This is it, my official introduction to racing games. I was probably four or five years old when I first saw my friend playing this game on his shiny new Commodore, and it was memorizing. He would hit buttons on this board full of letters and numbers, and it would control this small car on a TV-like screen in front of him. What was this witchcraft?
It may be hard for anyone to fathom that was born in the last 35 years, but computers and video game consoles were a rarity and an oddity in the early 1980s. Until seeing this Commodore my friend owned, the only experience I ever had with computers was the Apple II my Dad brought home at the end of June from the school he worked at so it wouldn’t be stolen during the summer break. My sister and I would play the shit out of Oregon Trail on that bad boy. My job was to flip the cassette tape.
Surprisingly Complex
But back to Motor Mania. Released in 1982, it was an O.G. Commodore game. It involved driving a small car-like figure on a vertically scrolling track for as long as possible. It was a simple premise; the further one drove, the higher the score they achieved.
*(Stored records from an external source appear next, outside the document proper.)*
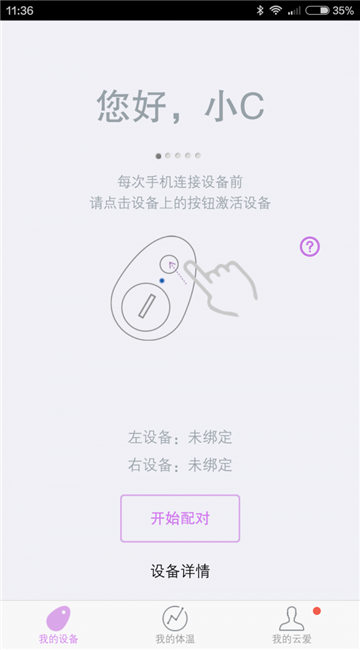 1、成功的安装app以后,用户就可以在“我的设备”界面快速的选择“开始配对”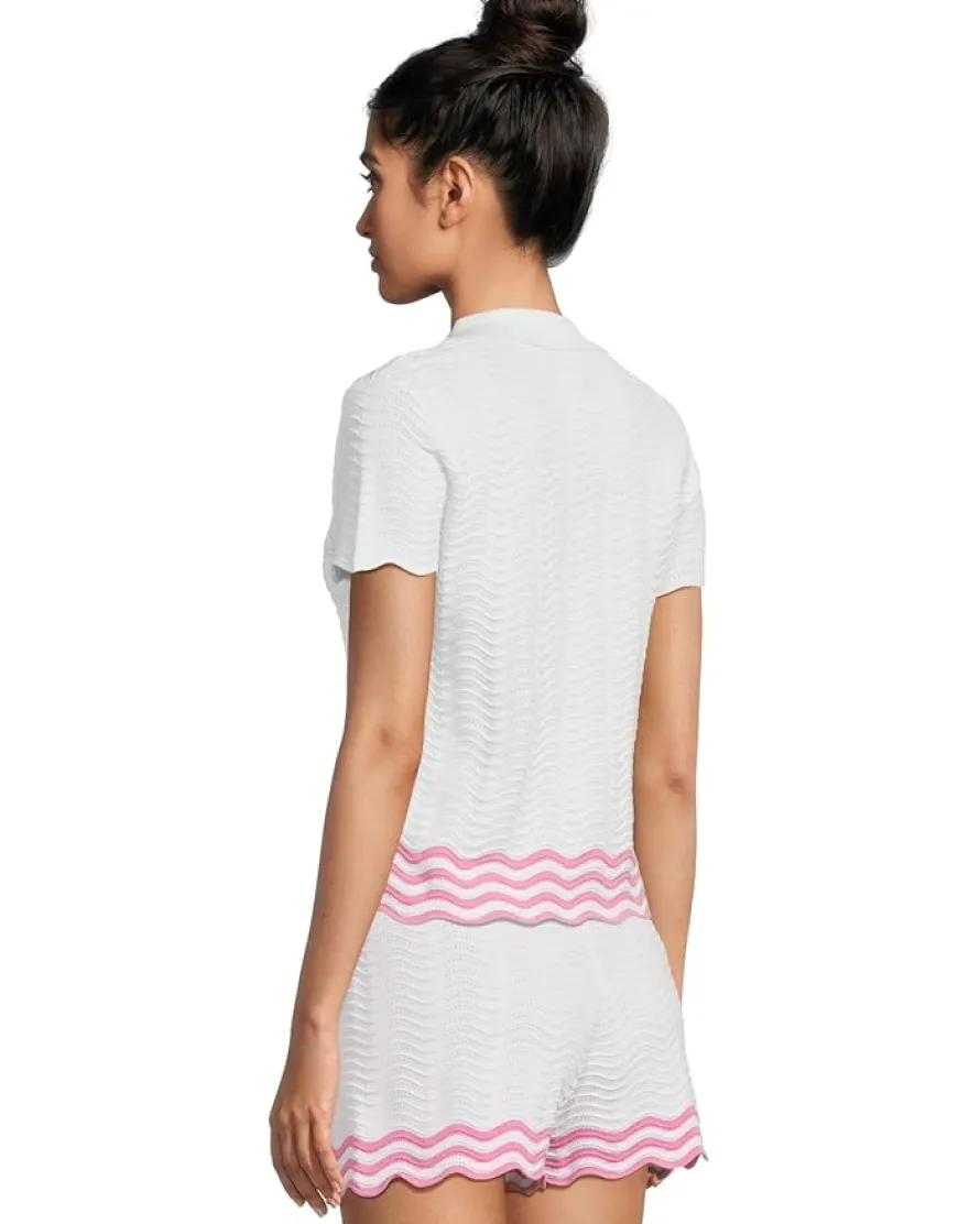 - The Beach Riot® Vera Top is a knit silhouette with scalloped edges and wave detailing. Designed to throw a flattering look, this pull-on top has a collared V-neckline and short sleeves.
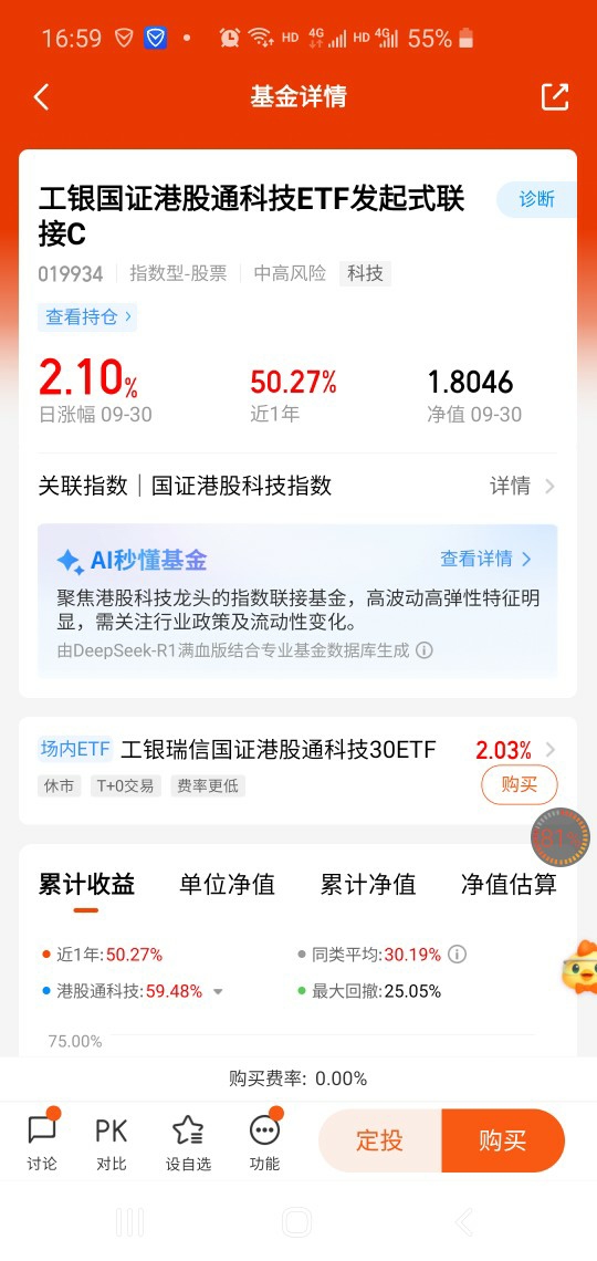 我是 $工银国证港股通科技ETF发起式联接C(019934)$的持有人,现持有收益率有14.06%。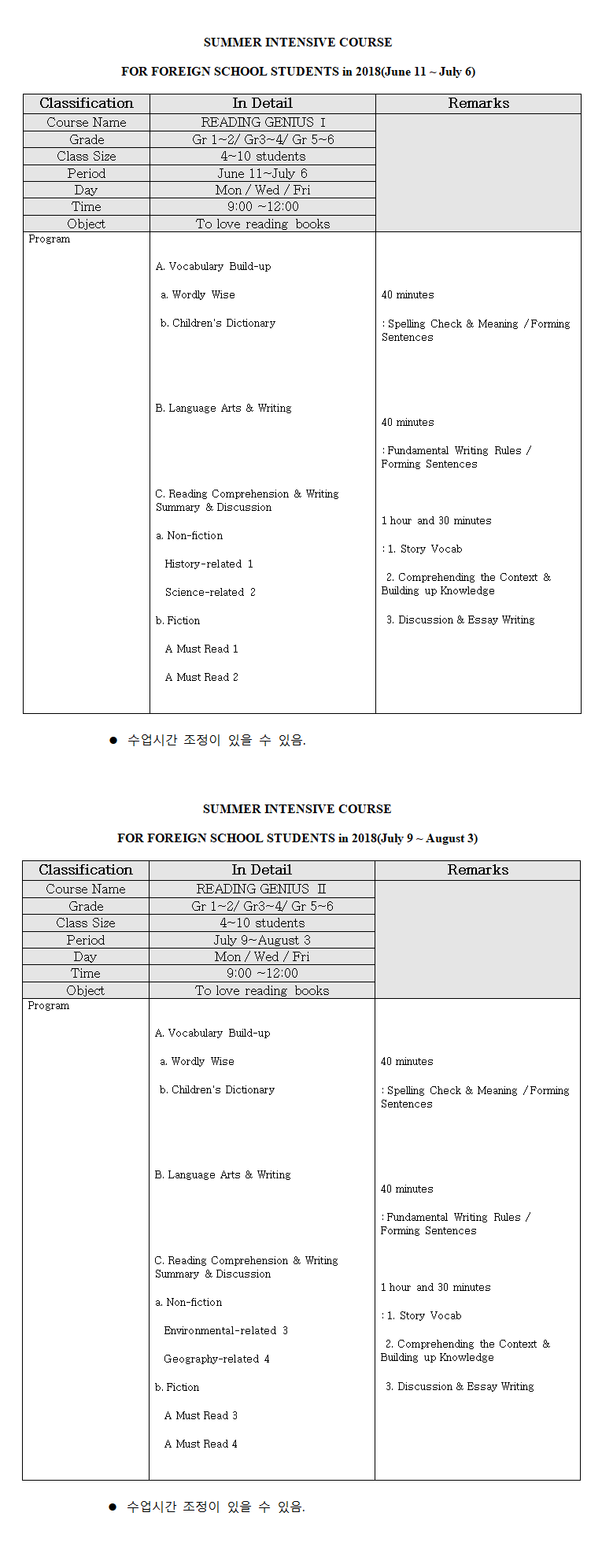 국제학교 학생들을 위한 2018년 Summer Intensive Course가 6월 11일부터 7월 6일까지 오픈합니다.

The game was surprisingly complex though. To start, the track kept changing. The player started at a gas station and proceeded onto a multi-lane freeway. But suddenly, without warning, the road would shrink in half to a much narrower roadway, or even descend into a one-lane dirt road. The latter would require the player to slow down to be able to negotiate the various back and forth corners.
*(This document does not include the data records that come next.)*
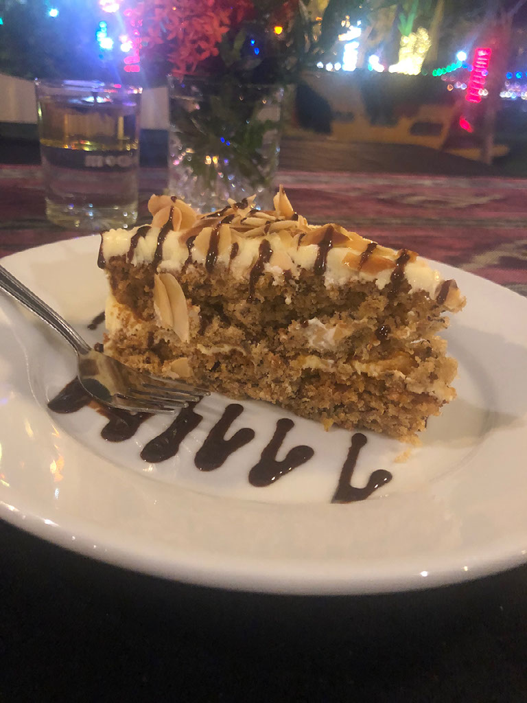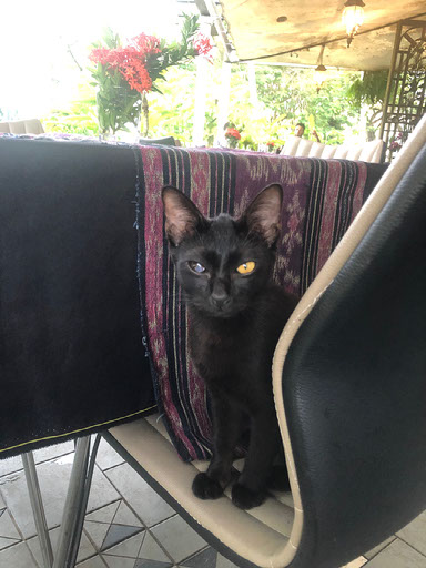 When a cat with two different coloured eyes (is he blind in one?) jumped on the table wanting to eat a bit of a leftover prawn, we were happy to let it happen – but the waitress came and scooped the scrawny scamp up. Soon she’d taken all the cats away, despite our protestations that we loved them. She wasn’t shooing them, it was all very affectionate, we just weren’t allowed to have them near us. Boo :-(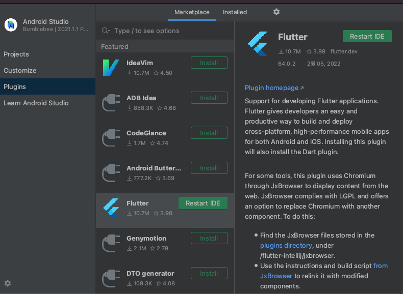 설치가 완료되면 새로 생긴 Restart IDE 버튼을 눌러 안드로이드 스튜디오 프로그램을 재시작 한다.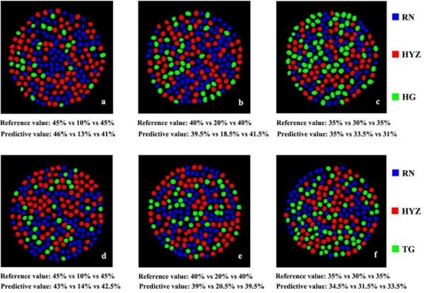 Huang et al. (2022) 該研究結(jié)合近紅外高光譜成像(HSI)與深度森林(DF)模型,開發(fā)了一種快速無損測定高粱純度的方法。通過孤立森林算法(IF)和主成分分析(PCA)剔除異常數(shù)據(jù)后,采用競爭性自適應(yīng)重加權(quán)采樣(CARS)與連續(xù)投影算法(SPA)提取特征波長,并結(jié)合灰度共生矩陣(GLCM)獲取紋理特征?;诓煌瑪?shù)據(jù)類型(全光譜、特征光譜、紋理特征及融合數(shù)據(jù))構(gòu)建的DF模型中,特征光譜模型的性能最優(yōu),其平均正確識別率(CRR)超過91%,驗(yàn)證集I的平均CRR為88.89%。此外,模型在摻假比例檢測中預(yù)測偏差小于4%。研究證實(shí),HSI與DF的結(jié)合能夠高效區(qū)分高粱品種并精準(zhǔn)評估純度,為谷物質(zhì)量的無損檢測提供了新策略。高粱摻雜識別可視化如圖11所示。

Besides the changing road conditions, there were also obstacles to avoid like the usual roadside hazards such as a trio of flying rocks, lane blocking logs, opponents’ cars, oil spills and glass shards. If that weren’t enough, at some intersections a fire truck would come screaming by that would require full lock-up braking to avoid at times.
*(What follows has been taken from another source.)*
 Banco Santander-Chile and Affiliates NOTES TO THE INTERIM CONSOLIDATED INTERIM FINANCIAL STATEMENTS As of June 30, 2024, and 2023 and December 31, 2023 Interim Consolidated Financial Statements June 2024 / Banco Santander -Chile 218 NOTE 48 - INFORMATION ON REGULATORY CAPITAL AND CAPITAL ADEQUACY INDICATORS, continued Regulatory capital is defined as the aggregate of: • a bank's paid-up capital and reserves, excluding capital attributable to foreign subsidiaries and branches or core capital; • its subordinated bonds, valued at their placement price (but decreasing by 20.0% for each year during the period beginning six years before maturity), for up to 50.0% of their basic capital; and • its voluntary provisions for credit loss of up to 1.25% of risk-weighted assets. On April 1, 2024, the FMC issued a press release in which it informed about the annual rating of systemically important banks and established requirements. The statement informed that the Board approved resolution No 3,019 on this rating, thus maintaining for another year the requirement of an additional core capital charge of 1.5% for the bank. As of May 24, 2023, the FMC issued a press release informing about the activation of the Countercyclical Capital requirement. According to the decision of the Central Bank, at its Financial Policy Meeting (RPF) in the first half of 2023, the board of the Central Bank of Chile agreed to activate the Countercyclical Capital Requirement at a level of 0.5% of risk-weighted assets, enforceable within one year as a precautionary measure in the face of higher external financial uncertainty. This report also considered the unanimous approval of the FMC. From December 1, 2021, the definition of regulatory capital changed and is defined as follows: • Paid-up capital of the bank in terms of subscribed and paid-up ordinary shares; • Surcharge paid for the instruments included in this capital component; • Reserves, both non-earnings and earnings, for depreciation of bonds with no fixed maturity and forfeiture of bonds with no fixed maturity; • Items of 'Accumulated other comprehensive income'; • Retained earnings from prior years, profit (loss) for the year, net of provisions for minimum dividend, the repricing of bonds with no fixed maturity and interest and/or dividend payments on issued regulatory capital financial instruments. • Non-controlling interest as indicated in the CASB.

Players had four lives per game and would lose one if they crashed. As an added layer of difficulty, there also existed a fuel gauge that players needed to keep an eye on to ensure it didn’t run out. Refueling was simple enough as a quick drive through the gas station would do the trick.
Couldn’t Get Enough
As could be expected for a five-year-old, I was utterly useless at this game. But I couldn’t get enough. Every time I visited my friend’s house, we would head straight to the computer, have his mom boot up the game off the 5 ¼ floppy disk, and spend an undisclosed amount of time in Motor Mania bliss.
We would see who could make it further down the track before we ran out of lives. We were mesmerized by how far his older brother and friends could make it. The game seemed like endless fun and was the gateway drug to my lifelong addiction of car racing video games.
I’ve gone back and played it more recently and gotten much better at it (30+ years’ experience will do that). Although laughably rudimentary by today’s standards, nostalgia is a hell of a drug and I still had a giant grin the entire I was playing it.